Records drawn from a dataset
^^^^^^^^^^^^^^^^
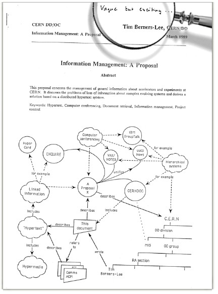 ’I wrote the information management proposal 20 years ago, but 20 years ago nothing happened’ said Berners-Lee during the www@20 celebration organized on March 13, 2009 at the CERN . ‘Sendall gave the go-ahead and allowed me to purchase a NeXT machine, but it was a wink, rather than a nod. The project only took off when random people got involved and that’s what was so exciting.’
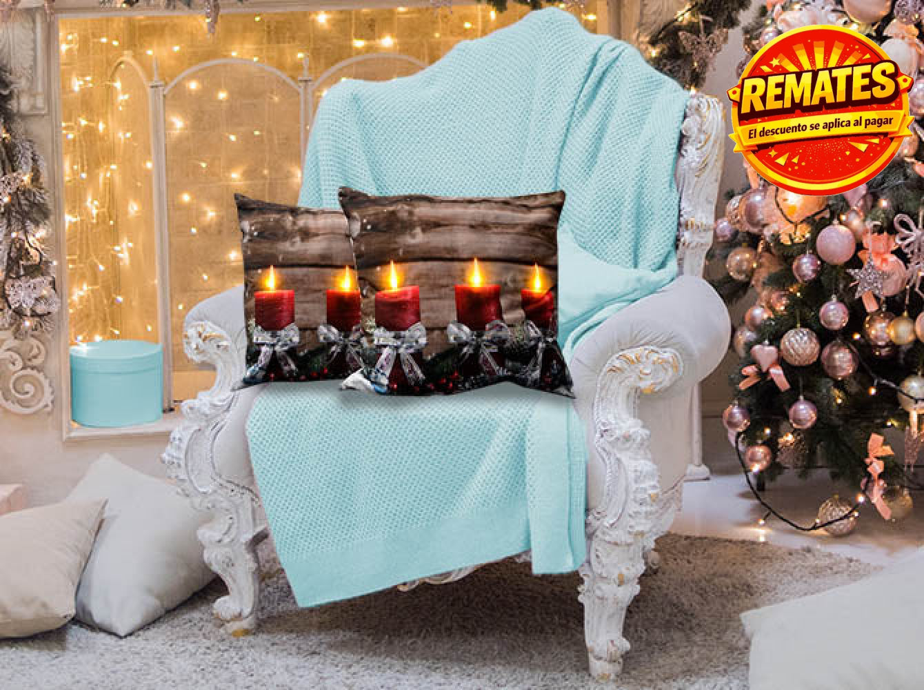 Cojín Con Luz Navideño Velas Cojin
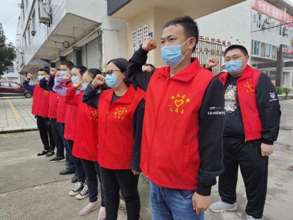 10月2日,石板片区21名党员胸前佩戴党徽,在鲜艳的党旗见证下,庄严地举起了右拳,“我是党员我先行,疫情防控做先锋!”掷地有声的承诺,响彻石板上空。
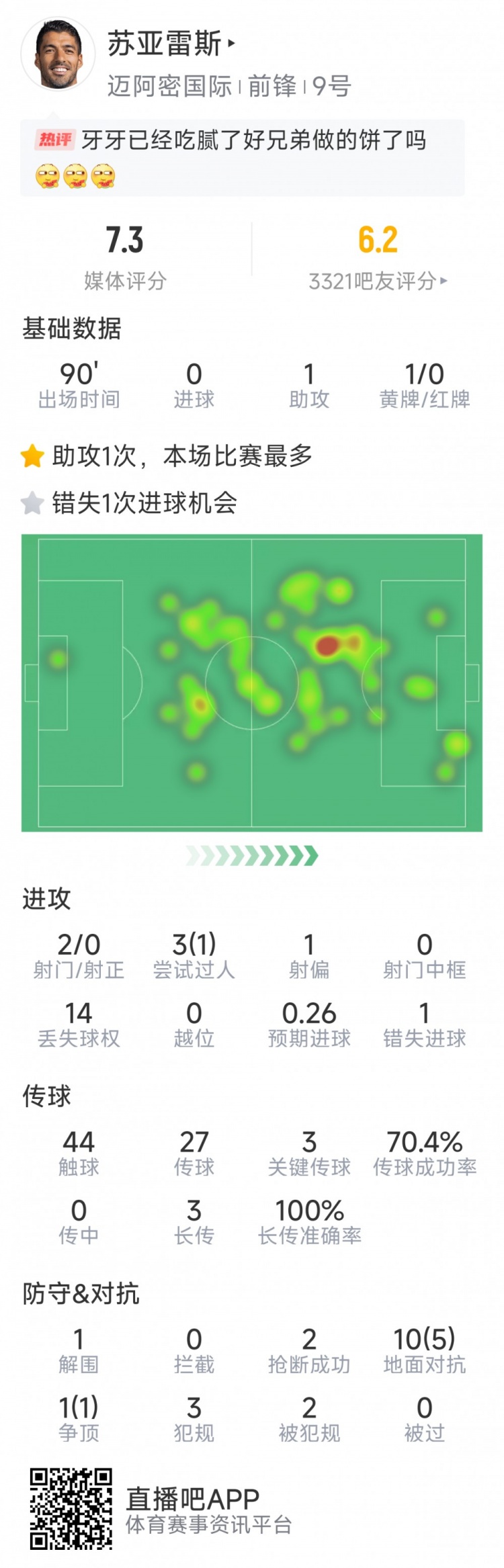 助攻梅西!蘇亞雷斯當選本場比賽邁阿密隊內最佳球員
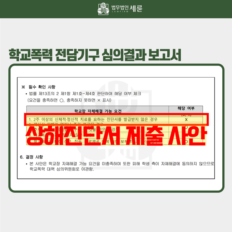 앞서 소개해 드린 사례와 같이 폭행 사안이고 상해진단서와 같은 명확한 증거가 제출된 상황이라면, 감정 싸움은 물론, 처벌이 더 엄격하게 내려질 가능성도 높습니다. 따라서 초기 단계부터 전문 변호사의 도움을 받아 우리 자녀의 미래를 위해 신중하게 대처하시길 바랍니다.
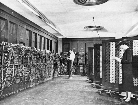 Figura 1.2. Los primeros ordenadores capaces de llevar a cabo cálculos complejos, como el ENIAC (una parte del cual vemos en la imagen), ocupaban cientos de metros cuadrados, pesaban varias toneladas y aun así no podrían competir con una calculadora de bolsillo moderna. (Imagen cortesía de la Universidad de Pensilvania.)
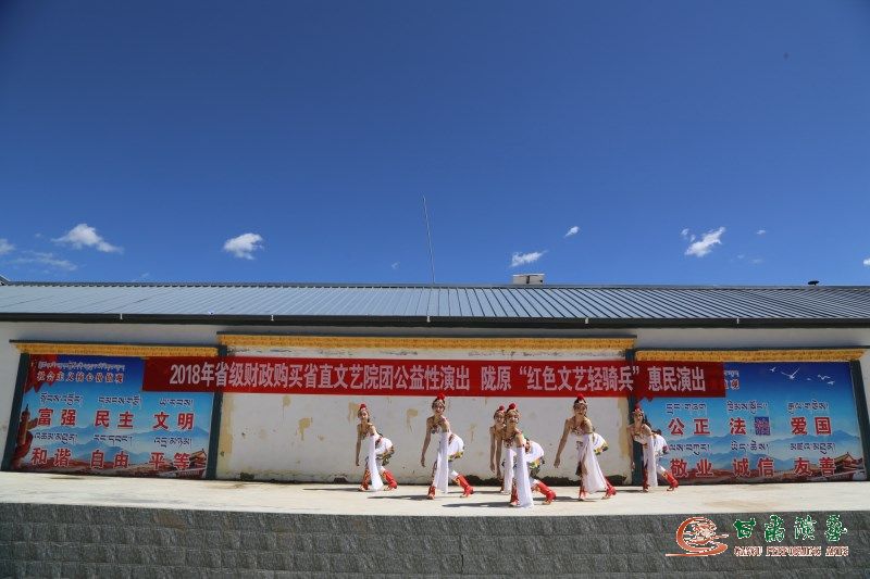 天藍藍,草青青,七月的甘南州夏河縣,一派詩情畫意。24日下午,素以中國經(jīng)典舞劇《絲路花雨》聞名于世的甘肅省歌舞劇院“紅色文藝輕騎兵”演出小分隊在該院綜合辦公室主任王華帶領(lǐng)下,不顧長途顛簸的疲憊與(因時間緊迫,顧不上吃飯而導(dǎo)致的)饑腸轆轆,頭頂烈日,于該縣阿木去乎鎮(zhèn)文化廣場,將一場潛心編排的精品文藝節(jié)目熱情呈獻給了當(dāng)?shù)啬矫鴣淼膹V大老百姓,以精湛演技贏得高度贊譽,圓滿完成了該院本年度省級財政購買省直文藝院團公益性演出暨隴原“紅色文藝輕騎兵”惠民演出活動甘南州站的喜悅開幕。
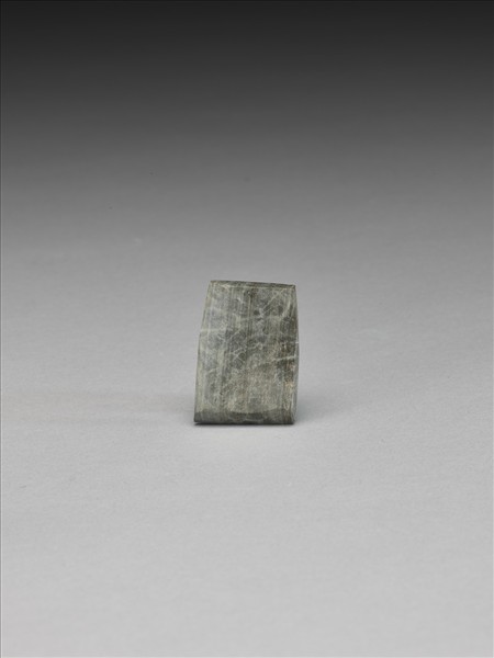 絲網紋斑,細直線條紋,灰青色。對稱梯形,小型,器體扁平,四邊切割整齊,背面平整,有一處打剝痕,正面微鼓,有段,聯部(上身)與用部(下身)間的落階極淺,兩部分的比例接近,聯部面有剝製痕,尚稱光滑,器兩側平整,全器器表拋磨光滑;平刃略斜,偏鋒,刃緣有一些細傷。
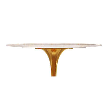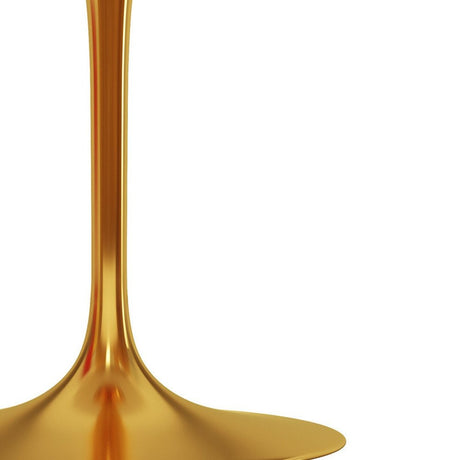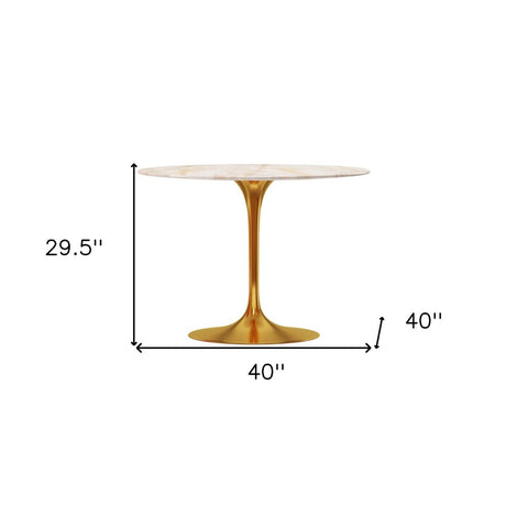 40" White And Gold Rounded Stone And Metal Pedestal Base Dining Table
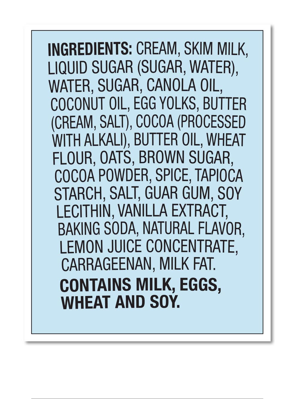 Ingredients: Cream, Skim Milk, Liquid Sugar Sugar, Water, Water, Sugar, Canola Oil, Coconut Oil, Egg Yolks, Butter Cream, Salt, Cocoa Processed with Alkali, Butter Oil, Wheat Flour, Oats, Brown Sugar, Cocoa Powder, Spice, Tapioca Starch, Salt, Guar Gum, Soy Lecithin, Vanilla Extract, Baking Soda, Natural Flavor, Lemon Juice Concentrate, Carrageenan, Milk Fat. Contains: Eggs, Milk, Soybeans, Wheat, Oat
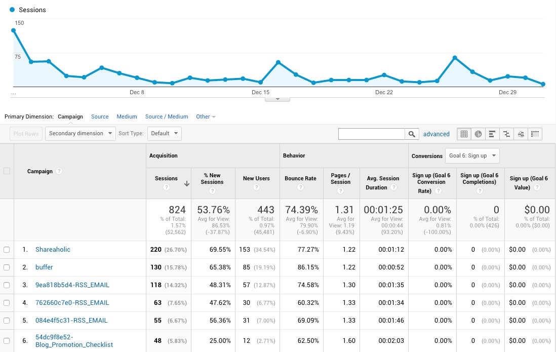 In my case, the most common campaigns are emails that I send out, as well as social shares using my social sharing buttons from Shareaholic.
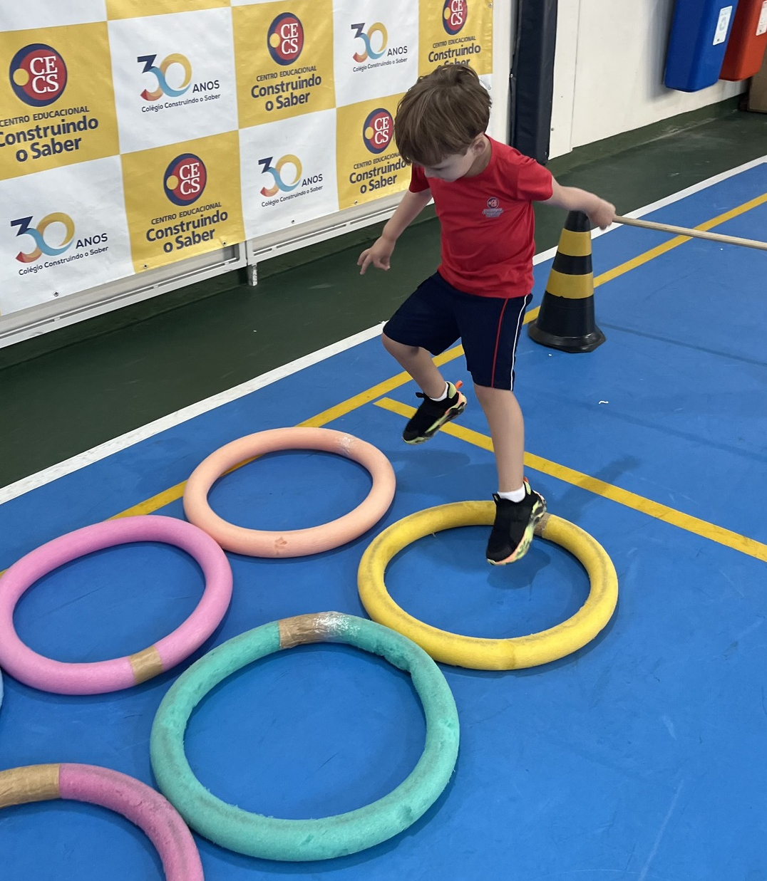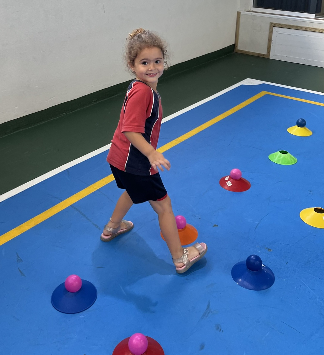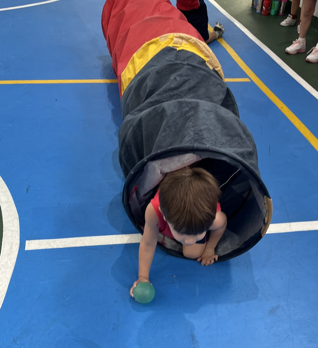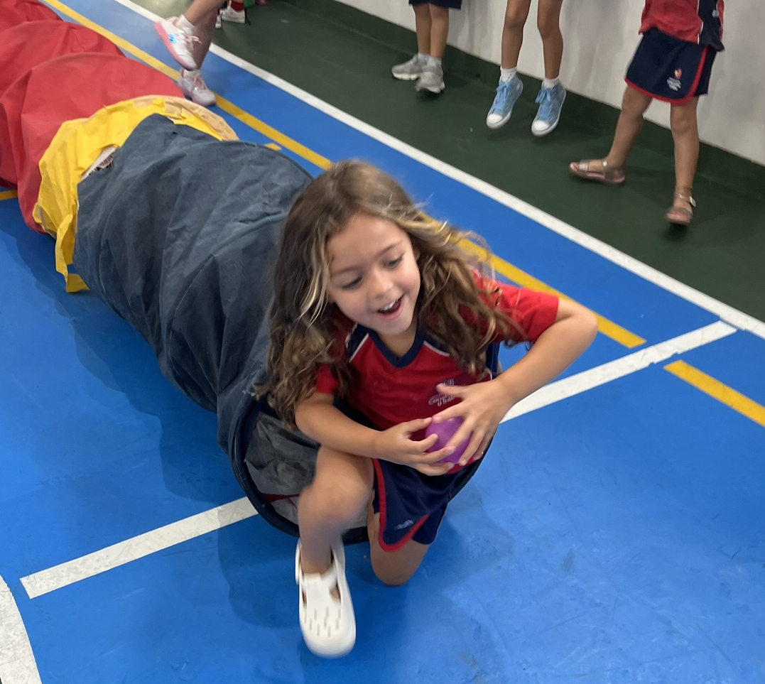 Ao longo do percurso, os pequenos vivenciaram ações como abaixar, saltar, contornar obstáculos, passar por balizas e se equilibrar em diferentes situações. Cada etapa do circuito foi pensada para desenvolver habilidades importantes, como equilíbrio, agilidade, coordenação e percepção corporal, além de incentivar a autonomia e a confiança em cada tentativa e conquista.
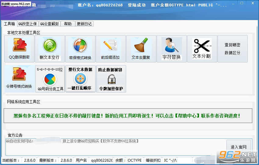《黑妹QQ工具箱3.2 免费永久绿色版》是一款功能强大且绿色免费的QQ工具箱软件,它可以帮你做任何你想达到的效果,比如最简单的文本删保删除密码功能号码令牌加密保护等等功能,目前更多功能正在不断完善中....软件使用免费...更多功能请下载体验!
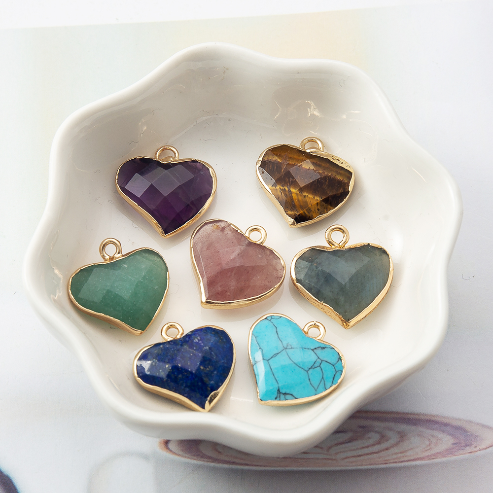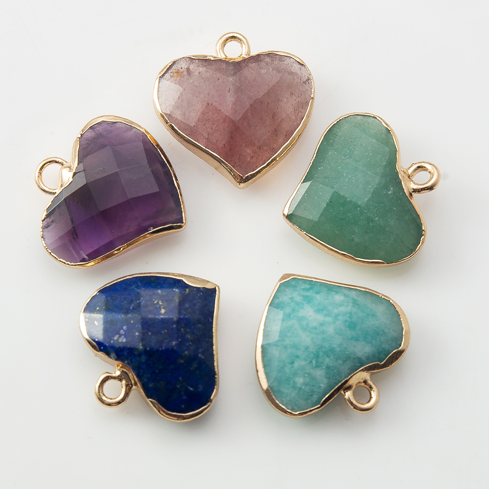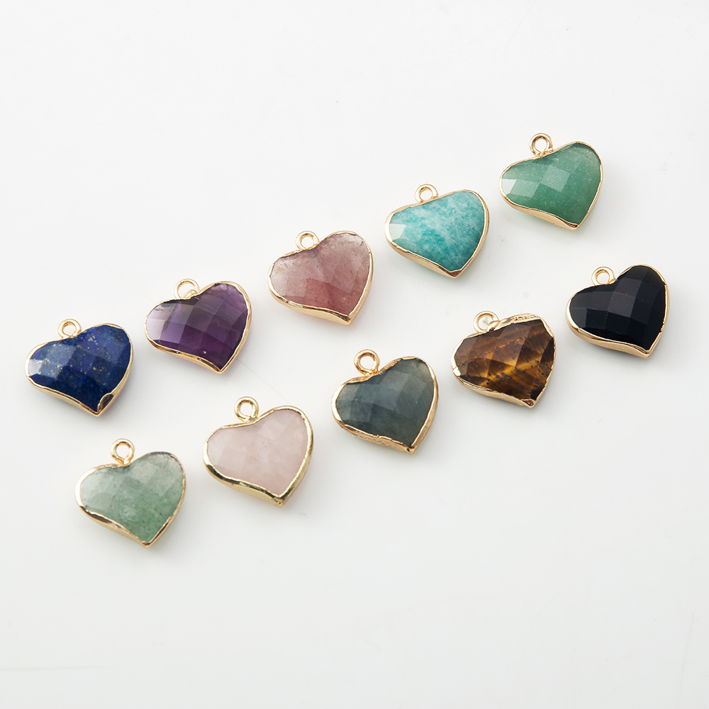 Gemstone Pendantifs en laiton, pierre gemme, avec laiton, coeur, DIY, plus de couleurs à choisir, 17x6.2x17.5mm, Vendu par PC
^^^^^^^^^^^^^^^^
Return exactly the lines that appear in the data above between the line containing "Cojín Con Luz Navideño Velas Cojin" and the line containing "In my case, the", both of which are included, and leave the pictures out.

 Cojín Con Luz Navideño Velas Cojin
 10月2日,石板片区21名党员胸前佩戴党徽,在鲜艳的党旗见证下,庄严地举起了右拳,“我是党员我先行,疫情防控做先锋!”掷地有声的承诺,响彻石板上空。
 助攻梅西!蘇亞雷斯當選本場比賽邁阿密隊內最佳球員
 앞서 소개해 드린 사례와 같이 폭행 사안이고 상해진단서와 같은 명확한 증거가 제출된 상황이라면, 감정 싸움은 물론, 처벌이 더 엄격하게 내려질 가능성도 높습니다. 따라서 초기 단계부터 전문 변호사의 도움을 받아 우리 자녀의 미래를 위해 신중하게 대처하시길 바랍니다.
 Figura 1.2. Los primeros ordenadores capaces de llevar a cabo cálculos complejos, como el ENIAC (una parte del cual vemos en la imagen), ocupaban cientos de metros cuadrados, pesaban varias toneladas y aun así no podrían competir con una calculadora de bolsillo moderna. (Imagen cortesía de la Universidad de Pensilvania.)
 天藍藍,草青青,七月的甘南州夏河縣,一派詩情畫意。24日下午,素以中國經(jīng)典舞劇《絲路花雨》聞名于世的甘肅省歌舞劇院“紅色文藝輕騎兵”演出小分隊在該院綜合辦公室主任王華帶領(lǐng)下,不顧長途顛簸的疲憊與(因時間緊迫,顧不上吃飯而導(dǎo)致的)饑腸轆轆,頭頂烈日,于該縣阿木去乎鎮(zhèn)文化廣場,將一場潛心編排的精品文藝節(jié)目熱情呈獻給了當(dāng)?shù)啬矫鴣淼膹V大老百姓,以精湛演技贏得高度贊譽,圓滿完成了該院本年度省級財政購買省直文藝院團公益性演出暨隴原“紅色文藝輕騎兵”惠民演出活動甘南州站的喜悅開幕。
 絲網紋斑,細直線條紋,灰青色。對稱梯形,小型,器體扁平,四邊切割整齊,背面平整,有一處打剝痕,正面微鼓,有段,聯部(上身)與用部(下身)間的落階極淺,兩部分的比例接近,聯部面有剝製痕,尚稱光滑,器兩側平整,全器器表拋磨光滑;平刃略斜,偏鋒,刃緣有一些細傷。
 40" White And Gold Rounded Stone And Metal Pedestal Base Dining Table
 Ingredients: Cream, Skim Milk, Liquid Sugar Sugar, Water, Water, Sugar, Canola Oil, Coconut Oil, Egg Yolks, Butter Cream, Salt, Cocoa Processed with Alkali, Butter Oil, Wheat Flour, Oats, Brown Sugar, Cocoa Powder, Spice, Tapioca Starch, Salt, Guar Gum, Soy Lecithin, Vanilla Extract, Baking Soda, Natural Flavor, Lemon Juice Concentrate, Carrageenan, Milk Fat. Contains: Eggs, Milk, Soybeans, Wheat, Oat
 In my case, the most common campaigns are emails that I send out, as well as social shares using my social sharing buttons from Shareaholic.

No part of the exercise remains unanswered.